• [What is needed]
Exactly as given, output all the records that follow.

Excerpted records: Begin

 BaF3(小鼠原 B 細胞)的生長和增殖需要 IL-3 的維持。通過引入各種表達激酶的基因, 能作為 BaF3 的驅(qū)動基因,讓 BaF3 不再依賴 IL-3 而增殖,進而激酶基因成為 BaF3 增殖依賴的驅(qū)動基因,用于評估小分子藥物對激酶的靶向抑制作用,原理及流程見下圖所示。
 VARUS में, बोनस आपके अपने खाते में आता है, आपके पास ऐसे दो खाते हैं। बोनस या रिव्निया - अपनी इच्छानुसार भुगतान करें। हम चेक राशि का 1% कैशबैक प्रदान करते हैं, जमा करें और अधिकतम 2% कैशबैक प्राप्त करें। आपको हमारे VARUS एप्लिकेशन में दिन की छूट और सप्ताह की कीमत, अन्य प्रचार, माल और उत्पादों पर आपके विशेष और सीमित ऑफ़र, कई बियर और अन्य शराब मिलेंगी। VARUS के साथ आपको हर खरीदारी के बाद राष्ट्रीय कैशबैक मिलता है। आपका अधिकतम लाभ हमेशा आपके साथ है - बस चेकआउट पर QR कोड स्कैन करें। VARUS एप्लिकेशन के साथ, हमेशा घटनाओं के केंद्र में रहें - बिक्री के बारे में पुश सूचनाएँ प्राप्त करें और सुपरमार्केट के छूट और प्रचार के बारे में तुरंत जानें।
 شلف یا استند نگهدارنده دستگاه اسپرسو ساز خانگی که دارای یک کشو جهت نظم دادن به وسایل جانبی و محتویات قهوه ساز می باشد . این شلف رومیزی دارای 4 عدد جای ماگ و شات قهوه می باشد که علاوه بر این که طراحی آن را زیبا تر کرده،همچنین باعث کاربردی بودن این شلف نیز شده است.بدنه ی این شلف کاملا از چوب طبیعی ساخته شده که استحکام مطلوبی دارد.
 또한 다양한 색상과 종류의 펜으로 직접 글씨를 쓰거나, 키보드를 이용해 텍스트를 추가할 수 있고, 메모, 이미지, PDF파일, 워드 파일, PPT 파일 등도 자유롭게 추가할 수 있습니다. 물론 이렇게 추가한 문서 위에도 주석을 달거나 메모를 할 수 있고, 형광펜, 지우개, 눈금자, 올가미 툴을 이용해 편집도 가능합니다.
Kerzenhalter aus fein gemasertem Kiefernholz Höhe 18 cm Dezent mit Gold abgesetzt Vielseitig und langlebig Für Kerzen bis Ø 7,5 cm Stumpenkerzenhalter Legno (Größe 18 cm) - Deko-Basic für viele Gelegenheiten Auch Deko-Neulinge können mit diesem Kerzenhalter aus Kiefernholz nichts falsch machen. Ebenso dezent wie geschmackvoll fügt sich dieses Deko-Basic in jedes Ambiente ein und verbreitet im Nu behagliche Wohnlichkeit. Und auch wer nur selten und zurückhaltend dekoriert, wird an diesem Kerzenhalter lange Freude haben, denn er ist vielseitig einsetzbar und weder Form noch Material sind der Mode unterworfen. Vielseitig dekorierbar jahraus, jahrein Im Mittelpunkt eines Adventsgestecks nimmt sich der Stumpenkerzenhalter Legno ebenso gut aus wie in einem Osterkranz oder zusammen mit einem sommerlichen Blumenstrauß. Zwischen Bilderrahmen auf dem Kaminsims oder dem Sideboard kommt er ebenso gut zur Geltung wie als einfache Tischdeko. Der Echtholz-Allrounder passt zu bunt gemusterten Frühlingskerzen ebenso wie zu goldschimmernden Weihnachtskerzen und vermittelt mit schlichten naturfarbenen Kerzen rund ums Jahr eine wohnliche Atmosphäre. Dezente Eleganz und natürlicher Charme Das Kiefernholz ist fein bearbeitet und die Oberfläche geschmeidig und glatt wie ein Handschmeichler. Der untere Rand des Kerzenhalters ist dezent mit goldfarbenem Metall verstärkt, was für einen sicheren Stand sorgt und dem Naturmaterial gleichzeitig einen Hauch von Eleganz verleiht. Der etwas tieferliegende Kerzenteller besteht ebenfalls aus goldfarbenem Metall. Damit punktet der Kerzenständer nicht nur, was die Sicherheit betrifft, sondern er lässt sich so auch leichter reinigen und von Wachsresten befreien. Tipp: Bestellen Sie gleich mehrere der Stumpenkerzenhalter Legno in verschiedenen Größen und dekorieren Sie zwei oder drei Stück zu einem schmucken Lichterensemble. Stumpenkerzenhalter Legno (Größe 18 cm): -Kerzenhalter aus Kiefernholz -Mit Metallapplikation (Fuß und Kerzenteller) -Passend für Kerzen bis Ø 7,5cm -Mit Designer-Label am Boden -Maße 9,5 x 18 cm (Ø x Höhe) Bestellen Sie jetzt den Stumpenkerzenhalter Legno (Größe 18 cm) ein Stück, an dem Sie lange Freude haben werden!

Excerpted records: End

• [Exercise result]
 BaF3(小鼠原 B 細胞)的生長和增殖需要 IL-3 的維持。通過引入各種表達激酶的基因, 能作為 BaF3 的驅(qū)動基因,讓 BaF3 不再依賴 IL-3 而增殖,進而激酶基因成為 BaF3 增殖依賴的驅(qū)動基因,用于評估小分子藥物對激酶的靶向抑制作用,原理及流程見下圖所示。
 VARUS में, बोनस आपके अपने खाते में आता है, आपके पास ऐसे दो खाते हैं। बोनस या रिव्निया - अपनी इच्छानुसार भुगतान करें। हम चेक राशि का 1% कैशबैक प्रदान करते हैं, जमा करें और अधिकतम 2% कैशबैक प्राप्त करें। आपको हमारे VARUS एप्लिकेशन में दिन की छूट और सप्ताह की कीमत, अन्य प्रचार, माल और उत्पादों पर आपके विशेष और सीमित ऑफ़र, कई बियर और अन्य शराब मिलेंगी। VARUS के साथ आपको हर खरीदारी के बाद राष्ट्रीय कैशबैक मिलता है। आपका अधिकतम लाभ हमेशा आपके साथ है - बस चेकआउट पर QR कोड स्कैन करें। VARUS एप्लिकेशन के साथ, हमेशा घटनाओं के केंद्र में रहें - बिक्री के बारे में पुश सूचनाएँ प्राप्त करें और सुपरमार्केट के छूट और प्रचार के बारे में तुरंत जानें।
 شلف یا استند نگهدارنده دستگاه اسپرسو ساز خانگی که دارای یک کشو جهت نظم دادن به وسایل جانبی و محتویات قهوه ساز می باشد . این شلف رومیزی دارای 4 عدد جای ماگ و شات قهوه می باشد که علاوه بر این که طراحی آن را زیبا تر کرده،همچنین باعث کاربردی بودن این شلف نیز شده است.بدنه ی این شلف کاملا از چوب طبیعی ساخته شده که استحکام مطلوبی دارد.
 또한 다양한 색상과 종류의 펜으로 직접 글씨를 쓰거나, 키보드를 이용해 텍스트를 추가할 수 있고, 메모, 이미지, PDF파일, 워드 파일, PPT 파일 등도 자유롭게 추가할 수 있습니다. 물론 이렇게 추가한 문서 위에도 주석을 달거나 메모를 할 수 있고, 형광펜, 지우개, 눈금자, 올가미 툴을 이용해 편집도 가능합니다.
Kerzenhalter aus fein gemasertem Kiefernholz Höhe 18 cm Dezent mit Gold abgesetzt Vielseitig und langlebig Für Kerzen bis Ø 7,5 cm Stumpenkerzenhalter Legno (Größe 18 cm) - Deko-Basic für viele Gelegenheiten Auch Deko-Neulinge können mit diesem Kerzenhalter aus Kiefernholz nichts falsch machen. Ebenso dezent wie geschmackvoll fügt sich dieses Deko-Basic in jedes Ambiente ein und verbreitet im Nu behagliche Wohnlichkeit. Und auch wer nur selten und zurückhaltend dekoriert, wird an diesem Kerzenhalter lange Freude haben, denn er ist vielseitig einsetzbar und weder Form noch Material sind der Mode unterworfen. Vielseitig dekorierbar jahraus, jahrein Im Mittelpunkt eines Adventsgestecks nimmt sich der Stumpenkerzenhalter Legno ebenso gut aus wie in einem Osterkranz oder zusammen mit einem sommerlichen Blumenstrauß. Zwischen Bilderrahmen auf dem Kaminsims oder dem Sideboard kommt er ebenso gut zur Geltung wie als einfache Tischdeko. Der Echtholz-Allrounder passt zu bunt gemusterten Frühlingskerzen ebenso wie zu goldschimmernden Weihnachtskerzen und vermittelt mit schlichten naturfarbenen Kerzen rund ums Jahr eine wohnliche Atmosphäre. Dezente Eleganz und natürlicher Charme Das Kiefernholz ist fein bearbeitet und die Oberfläche geschmeidig und glatt wie ein Handschmeichler. Der untere Rand des Kerzenhalters ist dezent mit goldfarbenem Metall verstärkt, was für einen sicheren Stand sorgt und dem Naturmaterial gleichzeitig einen Hauch von Eleganz verleiht. Der etwas tieferliegende Kerzenteller besteht ebenfalls aus goldfarbenem Metall. Damit punktet der Kerzenständer nicht nur, was die Sicherheit betrifft, sondern er lässt sich so auch leichter reinigen und von Wachsresten befreien. Tipp: Bestellen Sie gleich mehrere der Stumpenkerzenhalter Legno in verschiedenen Größen und dekorieren Sie zwei oder drei Stück zu einem schmucken Lichterensemble. Stumpenkerzenhalter Legno (Größe 18 cm): -Kerzenhalter aus Kiefernholz -Mit Metallapplikation (Fuß und Kerzenteller) -Passend für Kerzen bis Ø 7,5cm -Mit Designer-Label am Boden -Maße 9,5 x 18 cm (Ø x Höhe) Bestellen Sie jetzt den Stumpenkerzenhalter Legno (Größe 18 cm) ein Stück, an dem Sie lange Freude haben werden!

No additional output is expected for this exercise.